**Exercise prompt:**
Return the records below in full. Keep every word exact and skip the images.

**Records for the task:**
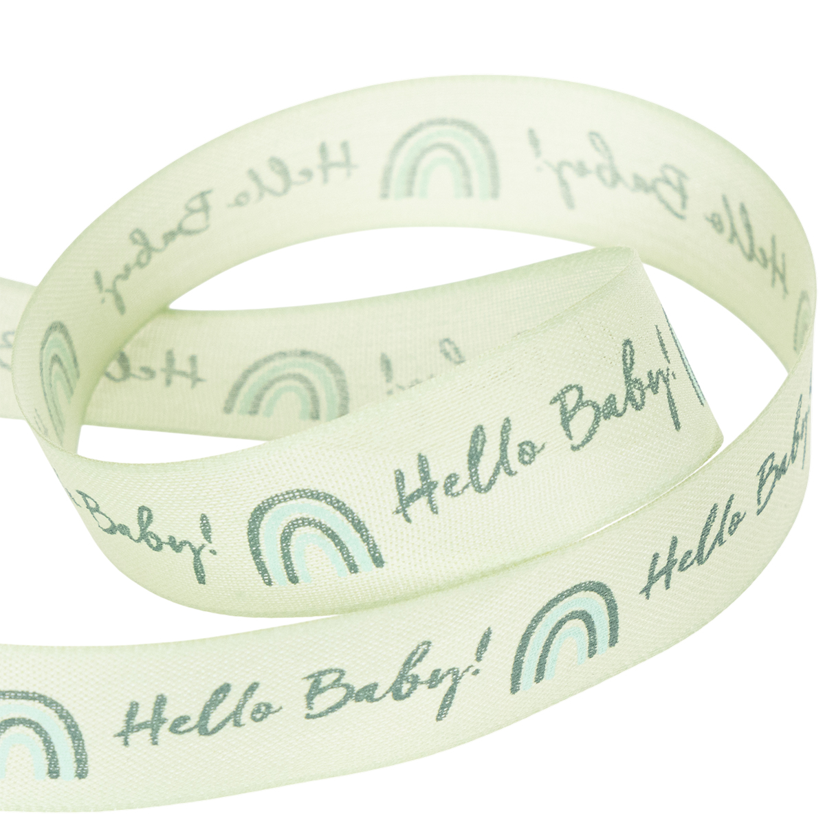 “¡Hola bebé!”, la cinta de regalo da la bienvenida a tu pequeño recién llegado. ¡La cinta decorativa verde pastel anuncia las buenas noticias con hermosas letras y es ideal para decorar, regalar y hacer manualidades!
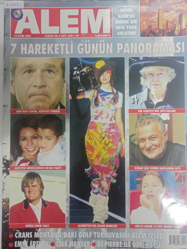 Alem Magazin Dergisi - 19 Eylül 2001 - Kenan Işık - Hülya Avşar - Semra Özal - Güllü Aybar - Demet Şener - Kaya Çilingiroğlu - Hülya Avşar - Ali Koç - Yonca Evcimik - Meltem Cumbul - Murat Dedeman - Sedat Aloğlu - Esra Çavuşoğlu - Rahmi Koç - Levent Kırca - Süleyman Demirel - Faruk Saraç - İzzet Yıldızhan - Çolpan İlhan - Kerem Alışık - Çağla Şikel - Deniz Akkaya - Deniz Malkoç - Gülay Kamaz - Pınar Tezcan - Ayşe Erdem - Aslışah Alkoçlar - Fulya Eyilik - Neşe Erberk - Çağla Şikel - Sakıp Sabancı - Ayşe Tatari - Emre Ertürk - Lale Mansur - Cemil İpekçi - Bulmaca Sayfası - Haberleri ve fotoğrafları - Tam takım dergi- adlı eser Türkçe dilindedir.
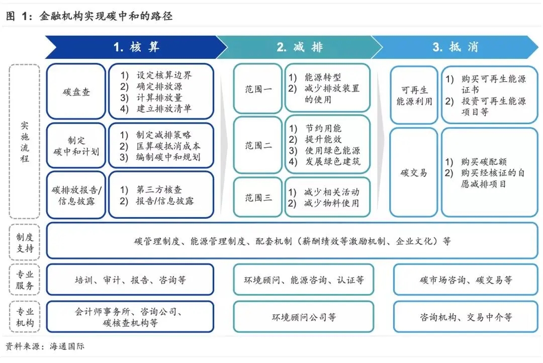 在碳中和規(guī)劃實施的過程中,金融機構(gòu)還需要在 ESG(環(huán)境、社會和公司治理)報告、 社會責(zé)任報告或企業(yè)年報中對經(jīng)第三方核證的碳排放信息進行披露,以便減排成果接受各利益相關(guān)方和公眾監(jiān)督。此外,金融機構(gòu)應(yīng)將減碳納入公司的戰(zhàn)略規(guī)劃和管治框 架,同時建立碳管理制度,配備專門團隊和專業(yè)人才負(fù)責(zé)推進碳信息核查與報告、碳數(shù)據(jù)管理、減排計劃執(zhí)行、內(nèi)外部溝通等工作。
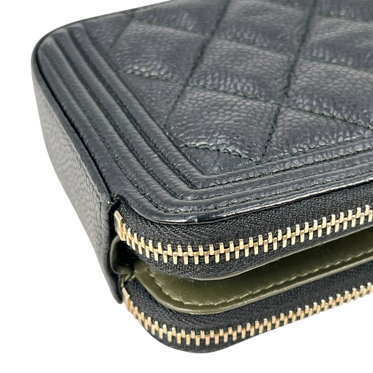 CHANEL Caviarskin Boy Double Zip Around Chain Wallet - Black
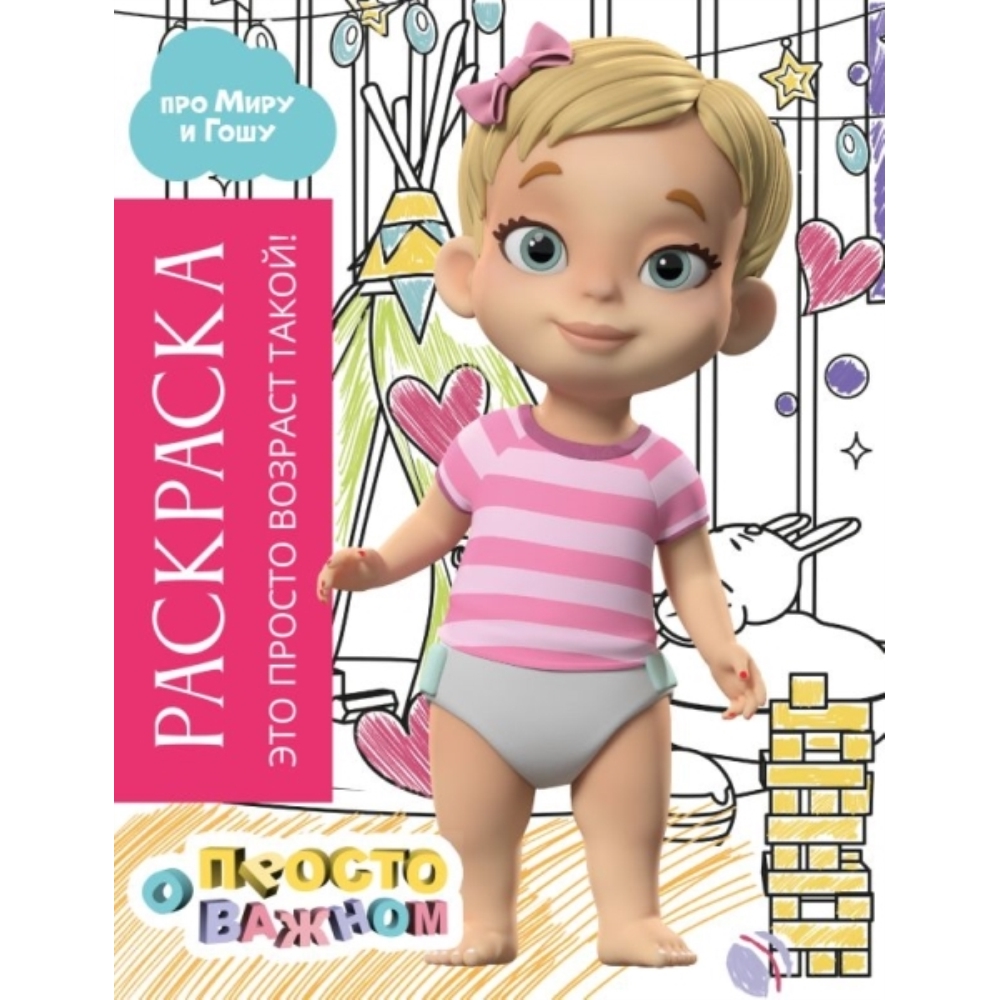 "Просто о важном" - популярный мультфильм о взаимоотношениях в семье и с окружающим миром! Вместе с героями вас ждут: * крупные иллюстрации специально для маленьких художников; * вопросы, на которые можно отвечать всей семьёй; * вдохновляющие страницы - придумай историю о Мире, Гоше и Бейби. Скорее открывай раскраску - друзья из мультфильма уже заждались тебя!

**Reply to the exercise:**
 “¡Hola bebé!”, la cinta de regalo da la bienvenida a tu pequeño recién llegado. ¡La cinta decorativa verde pastel anuncia las buenas noticias con hermosas letras y es ideal para decorar, regalar y hacer manualidades!
 Alem Magazin Dergisi - 19 Eylül 2001 - Kenan Işık - Hülya Avşar - Semra Özal - Güllü Aybar - Demet Şener - Kaya Çilingiroğlu - Hülya Avşar - Ali Koç - Yonca Evcimik - Meltem Cumbul - Murat Dedeman - Sedat Aloğlu - Esra Çavuşoğlu - Rahmi Koç - Levent Kırca - Süleyman Demirel - Faruk Saraç - İzzet Yıldızhan - Çolpan İlhan - Kerem Alışık - Çağla Şikel - Deniz Akkaya - Deniz Malkoç - Gülay Kamaz - Pınar Tezcan - Ayşe Erdem - Aslışah Alkoçlar - Fulya Eyilik - Neşe Erberk - Çağla Şikel - Sakıp Sabancı - Ayşe Tatari - Emre Ertürk - Lale Mansur - Cemil İpekçi - Bulmaca Sayfası - Haberleri ve fotoğrafları - Tam takım dergi- adlı eser Türkçe dilindedir.
 在碳中和規(guī)劃實施的過程中,金融機構(gòu)還需要在 ESG(環(huán)境、社會和公司治理)報告、 社會責(zé)任報告或企業(yè)年報中對經(jīng)第三方核證的碳排放信息進行披露,以便減排成果接受各利益相關(guān)方和公眾監(jiān)督。此外,金融機構(gòu)應(yīng)將減碳納入公司的戰(zhàn)略規(guī)劃和管治框 架,同時建立碳管理制度,配備專門團隊和專業(yè)人才負(fù)責(zé)推進碳信息核查與報告、碳數(shù)據(jù)管理、減排計劃執(zhí)行、內(nèi)外部溝通等工作。
 CHANEL Caviarskin Boy Double Zip Around Chain Wallet - Black
 "Просто о важном" - популярный мультфильм о взаимоотношениях в семье и с окружающим миром! Вместе с героями вас ждут: * крупные иллюстрации специально для маленьких художников; * вопросы, на которые можно отвечать всей семьёй; * вдохновляющие страницы - придумай историю о Мире, Гоше и Бейби. Скорее открывай раскраску - друзья из мультфильма уже заждались тебя!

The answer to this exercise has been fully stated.